Coba saja, jika pemilihan presiden (pilpres) dua pasang diawal kontestasi, maka peluang pecah bangsa ini semakin runcing.
Memecah ketegangan dari kemunculan dua pasangan calon (paslon) maka muncul tiga nomor urut paslon. Mewujudkan ini perlu manuver handal terutama dalam urusan melerai potensi konfrontatif keras antar pendukung.
Seorang Joko Widodo atau Jokowi tentu paham, pengalaman masa lalu pilpresnya, menyisakan debat panjang para simpatisan sepanjang masa kepemimpinannya (baca: cebong versus kampret).
Tiga kubu capres, akhirnya melunakan ketegangan kontestasi.

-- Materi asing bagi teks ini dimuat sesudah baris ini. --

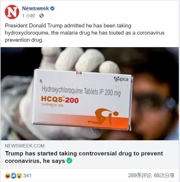 周一,美国总统川普在白宫简报会上说,他已经服用抗疟疾药物羟氯喹一个多星期来预防感染新型冠状病毒。不过,专家说这种药是无效的,而且副作用很大。不过时间刚过去两三天,川普又改口了,说自己决定不吃了。

Sekarang tinggal memikirkan bagaimana pilpres satu putaran?
Dana pemilu cukup besar. Resesi ekonomi masih membayangi kehidupan rakyat.
Harga bahan pokok dan energi meningkat terus. Kalau saja pemerintah harus berhutang lagi untuk biaya pemilu, berapa lama lagi rakyat menanggung penderitaan?
Jokowi akhirnya "mengorbankan diri" demi sesuatu harapan besar. Reputasinya hancur gegara melakukan manuver-manuver politik tidak populer serta memainkan kendali pada ruang-ruang kebijakan, nota bene masih dalam kendali dirinya.
Pilpres dengan tiga capres digagas Jokowi itu untuk menebus kerisauan diri sebagai seorang pemimpin rakyat.
Konstalasi politik lebih memudar, seperti makan siang yang penuh keceriaan. Esok usai pesta, ada waktu dalam sisa masa kepemimpinannya untuk cuci piring kembali.
Para penikmat pesta akan lebih berdamai dengan pembagian kue-kue kekuasaannya.
Dan, Jokowi pun pensiun dalam keadaan tenang dengan kembali menjadi rakyat biasa, diam di kampung mengasuh cucu-cucu.
Semesta sejatinya adalah kehidupan damai. Tetapi tidak ada damai tanpa perang sebelumnya.
Konsekuensi berperang dalam ruang pilpres bagi Jokowi itu harus diambil karena cita-citanya hidup meraih kedamaian usai purna tugas memimpin bangsa ini.
Periodisasi terbatas dalam mengurus banyak hal, maka harus lahir pemimpin sejati meneruskan cita-cita kesejatian selaras semesta alam dan kuasa Sang Pencipta.